Friday, December 3, 2010
Long-time followers will remember a post I did in 2008 upon inception of this idea, inspired by the irreverent fighting spirit of comic heroines like Tank Girl.
I want this comic to be an amalgamation of amazing, engaging artwork, hilarious storylines, and honest, informative commentary on the YA cancer experience. There will be writing from this blog, and other guest contributors. I want patients to be able to read it while going through chemo, and be transported into a fantastic world of kick-assery and (in our own sly way) hope.
I want to be able to give this work of art for FREE to any cancer patient/survivor that would like it.
Please help me spread the word! Let's make this happen!!

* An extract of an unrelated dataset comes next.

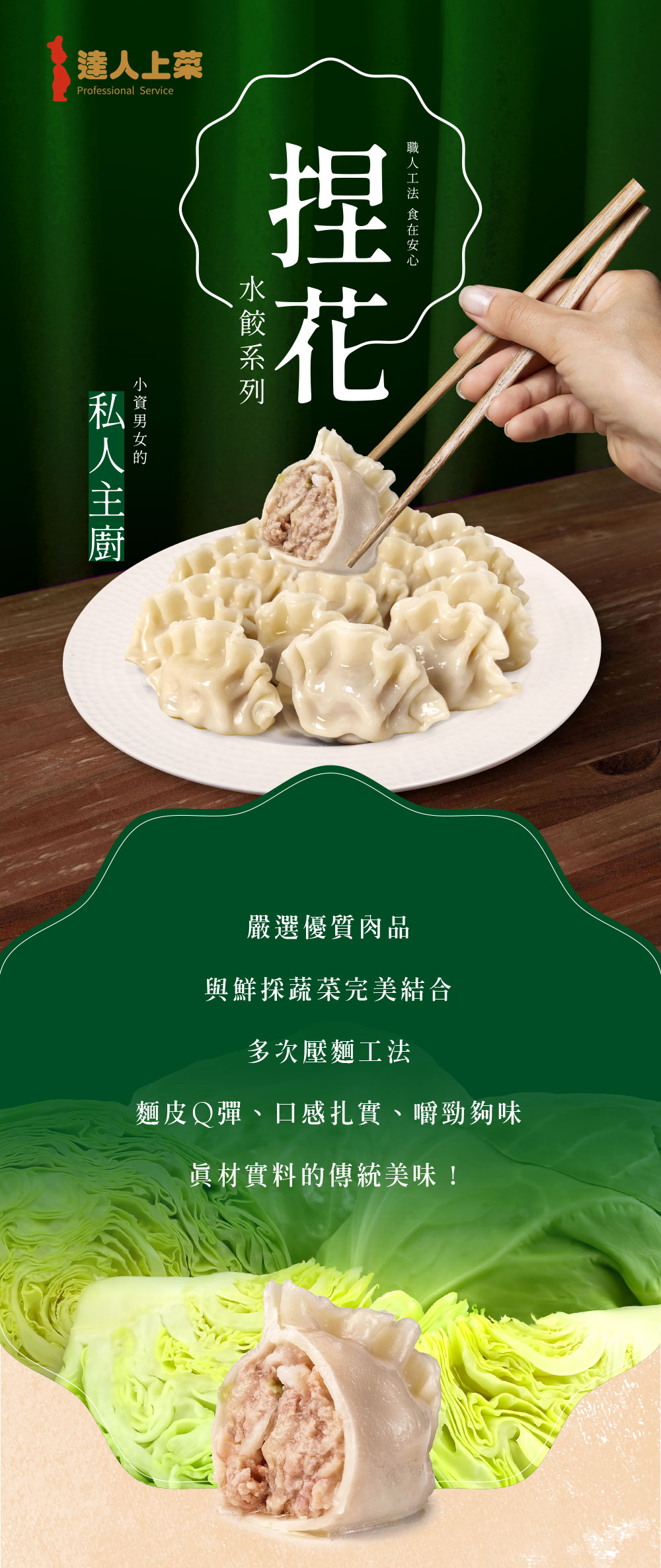【達人上菜】豬肉高麗菜捏花水餃704gx2包

If you want to contribute/want one sent to you, email me: kaylinmarie[at]gmail.com
Wednesday, December 1, 2010
I ran across a great in-depth study on YA oncology, found here. Of particular interest is the paragraph on psychosocial effects of cancer on those only just entering the arena of adulthood:
"Perhaps the greatest difference between patients in the adolescent/early adulthood age range and other ages is in supportive care, particularly psychosocial care. Adolescents and young adults have special needs that are unique, broader in scope, and often more intense than those at any other time in life. Cancer therapy causes practical problems in social arenas. The dependence of adolescent and young adult patients on peer-group approval poses greater challenges when confronted with a diagnosis of cancer. Self-image, a critical determinant during this phase of life, is compromised by many of the adverse effects of therapy, such as alopecia, weight gain or loss, mucositis and dermatitis (acne, mouth sores), bleeding, infection and contagiousness, susceptibility to infection and need for isolation, impaired sexuality (intimacy, impotency, tetratogenicity risk), and mutilating surgery. Other challenges include the loss of time from school, work, and community and the financial hardships that occur at an age when economic independence from family is an objective. A wide range of financial challenges occurs in the age group. In addition to the health insurance challenge described above, there are the usual limitations in affording life, much more once confounded by the costs of cancer treatment. There may be guilt if not attending to these responsibilities or stress and fatigue if trying to keep up a semblance of normal activity. Partner relationships are tested by the strain of the cancer diagnosis and its therapy. Whether a partner stays in the relationship is challenged by fear of relapse or infertility and may be influenced unduly in either direction by guilt or sympathy. Those contemplating having children may fear passing on a genetic predisposition to cancer. Medical professionals are often poorly equipped to deal with the psychosocial challenges within the age group and are often stymied by the need in these patients to increase compliance, reduce stress, and improve the quality of life during cancer therapy."